Corruption gain could mean a character gets a free level of warlock or other evil class as a dark gift.  There are corrupt classes in plenty of the books I have, and there are more in the PDF-only Player book that is a companion to this one. Everything comes with a price, though. You take the quick road to power, and you will pay the price.

I do plan on milestone achievements instead of counting XP and leveling that way. At any time, if a character has enough corruption, a level will be offered in something nefarious. The bill will come later.

The Sins and Virtues system on page 70 also looks fun and is sort of a yen-yang system of personal choices, like the corruption system, but it is less world-ending and more roleplaying-focused. If my paladin picks Justice as a virtue, they will get +1 on a roll to intimate wrongdoers and can earn extra benefits in the system. If he decides Pride is his sin, he will have disadvantages on rolls when someone flatters him, and if they continue to fall into the sin mechanic in the game, they will suffer new drawbacks. This fun system could be a gateway to corruption if the sin is egregious enough. The system is a lighter-weight one and encourages roleplaying.

Character power does not determine success in this world, and it does not give you immunity from corruption. The more character power you get, the harder you work to break the taint. This puts roleplaying and social encounters on a high level of importance since the threat that is not always easily dealt with is always out there, whispering in the darkness.

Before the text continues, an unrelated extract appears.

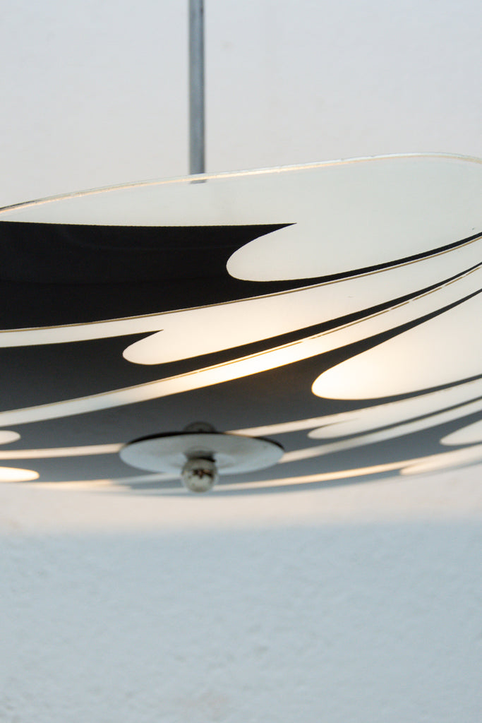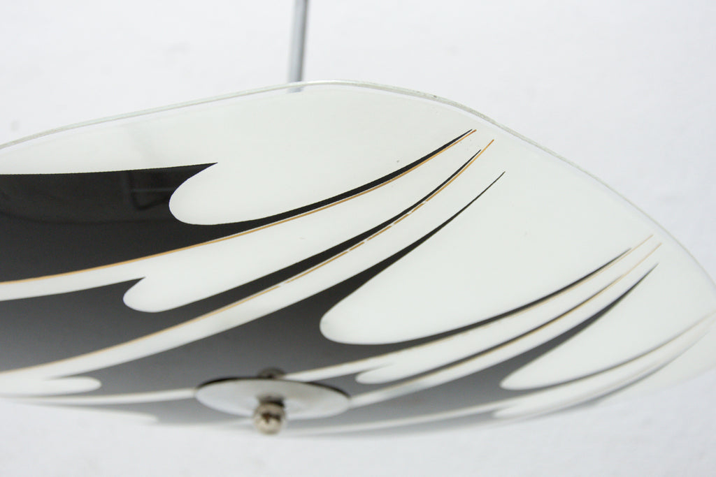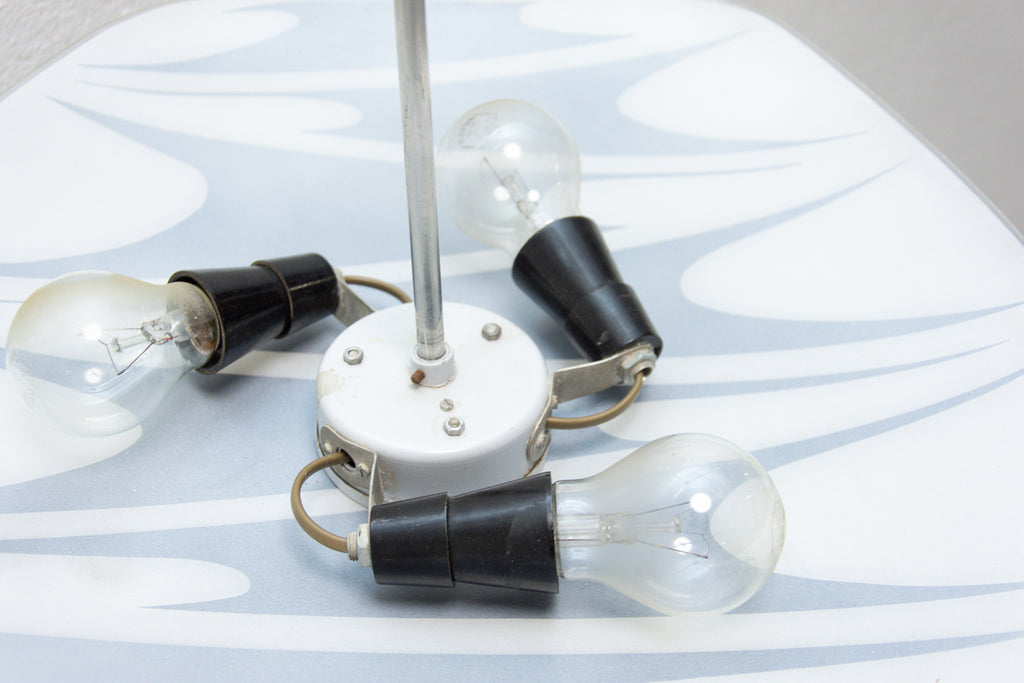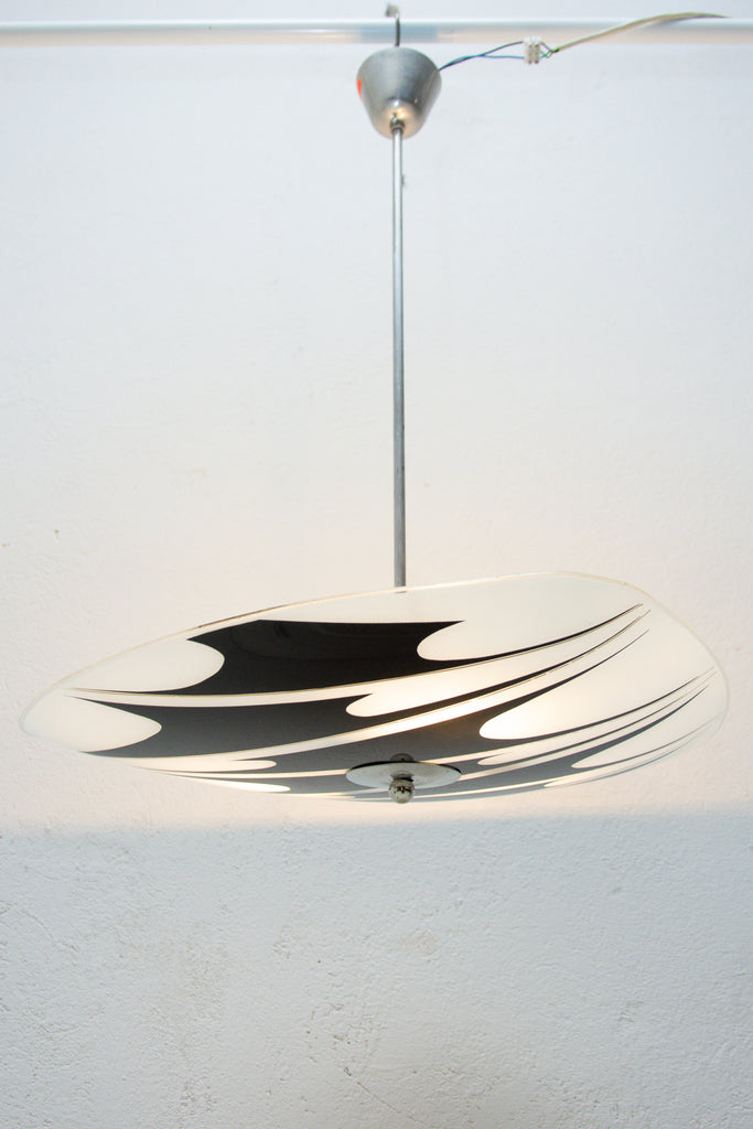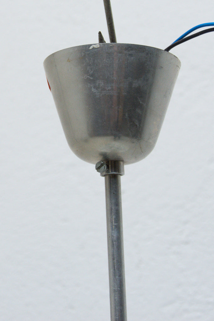 Mid century space age chandelier from the turn of the 50s and 60s connected with the exhibition EXPO 58 in Brussels. Awesome design. Painted motifs. Chrome-plated rod. In very good condition, new wiring.

Too often in 5E, characters will become unassailable bastions of power and invincible. I want the enemy to be inside everyone, and they will need to observe each other for the telltale signs that the things they fight aren't becoming the dark allies they are working for. While old-school games often lacked these sorts of corruption mechanics, they fit in with the theme and story of the world I want to tell. We have them in newer games, and they not only offer plenty of roleplay opportunities but are also a threat outside of the d20 and system mechanics that offer a different endgame for a character's journey. Too often, we assume, "My character is good forever with no changes," but that isn't always true, given the nasty things they fight.

I will not have "planes" or "alternate worlds." If I do any portals to a modern world, it will be a 1940s pulp-era adventure via Amazing Adventures 5E. No modern technology, the 2020s, Internet, cell phones, or anything like that. Just mad science, two-fisted heroes, gumshoes, gangsters, and the pre-WW2 Nazi bad guys looking for artifacts of magic power. Like Indiana Jones before the last two movies. This is the only "modern world" anyone is getting in my game, and no exceptions trying to go forward in time to grab an iPad.

By keeping this to the 1940s, the advantage of pulp characters will be in gear and skills, whereas fantasy characters will be brute power and magic. Guns will only be limited to pulp characters and toned down to a level where they aren't walking armories. Characters here will have the Sins and Corruption subsystems.

I like this book; it is a self-contained game, and I may run it for fun.

One Million Magic Items may get used early since my love for Diablo-style items knows no bounds, and they force inventive play.

And that is it; I am keeping the start simple and avoiding all the other books, extra monsters, spells, magic items, and the other books in my collection off the table for now. As I need them, they will get added in.